Open the Macros dialog and double click on the Macro tab. The pop-up box that comes up opens a list of options choose “Excel File Multi sheet Import” and press Edit.
Output
In this sample two worksheet with defined rows and columns of data has been imported. Clearly marked as Data 1 and Data 2.
Key Application Areas for use of the Macro to Import Multiple Excel Sheets in SigmaPlot v16:
Clinical Research: Import large datasets from multiple clinical trials.
Biomedical Research: Analyze data from various experiments and studies
Environmental Science: Import data from multiple monitoring stations or field studies.
Finance: Import data from multiple financial reports or databases.
Social Sciences: Import data from surveys, polls, or census data.
Engineering and Manufacturing: Import data from multiple testing or production runs.
Key benefits to using the Macro to Import Multiple Excel Sheets in SigmaPlot v16:
Time Efficiency: Automate the import process and save time.
Reduced Errors: Minimize errors associated with manual data entry
Increased Productivity: Focus on data analysis and interpretation, rather than data entry.
Enhanced Data Integrity: Ensure data consistency and accuracy
Improved Workflow: Streamline your data analysis workflow
SigmaPlot v16 Now supports Large Data:
Empowering Data Analysis for Large Datasets
Conquer Data Challenges of Large Data with SigmaPlot 16:
SigmaPlot 16 is designed to handle large datasets with ease. By enhancing its architecture, SigmaPlot 16 empowers you to analyze complex data sets without compromising performance or accuracy.
Input Data
Here is an example of a Large Data Set in SigmaPlot v16:
Output Data
Here are some sample graph outputs using large data sets.

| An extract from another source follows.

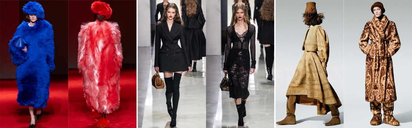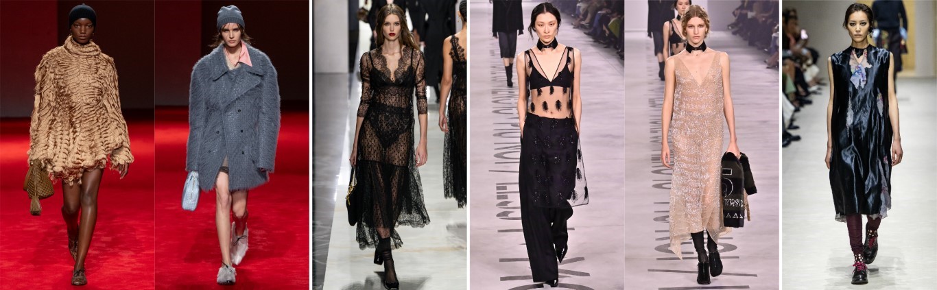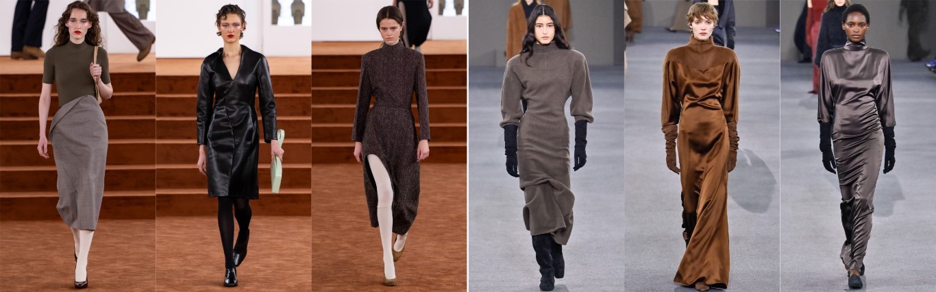 最愛品牌:Jil Sander、Prada、Loro Piana、Brunello Cucinelli。由左至右:Brunello Cucinelli / Jil Sander / Loro Piana / Prada巴黎春天百貨Printemps指出,皮革、皮草、羊絨的溫暖和品質是值得投資,也傳遞安全感。層疊穿搭,巧妙運用透明元素,營造出更深層的層次感。還有重新詮釋的極簡主義,如Jil Sander、Prada的作品。裙裝以各種形式、長度和質地出現,Marni、Prada、Gucci和Fendi都著重展現了女性的柔美氣質,重新定義了裙裝的百搭性。溫暖的大地色調至關重要,營造出安全舒適的感覺。與之形成鮮明對比的是,全黑造型和秀場則展現了一種更深層的視角,如同黑暗的一面鏡子,映照出全球能量的黑暗面。

Key Application Areas of SigmaPlot 16 for Large Data:
Genomics and Bioinformatics: Analyze large-scale genomic and proteomic data.
Clinical Trials: Process and analyze vast amounts of clinical trial data
Environmental Science: Handle large datasets from environmental monitoring studies.
Financial Analysis: Analyze large financial datasets to identify trends and patterns.
Social Sciences: Analyze large-scale survey data and population studies.
Key Benefits of SigmaPlot 16 for Large Data:
- Efficient Data Handling: Seamlessly process and analyze large datasets.
- Improved Performance: Experience faster processing times and smoother workflows.
- Enhanced Visualization: Create clear and informative visualizations, even with complex data.
- Reliable Results: Trust in the accuracy and precision of your analyses.
Real-World Applications:
- Genomics and Bioinformatics: Analyze large-scale genomic and proteomic data.
- Clinical Trials: Process and analyze vast amounts of clinical trial data.
- Environmental Science: Handle large datasets from environmental monitoring studies.
- Financial Analysis: Analyze large financial datasets to identify trends and patterns.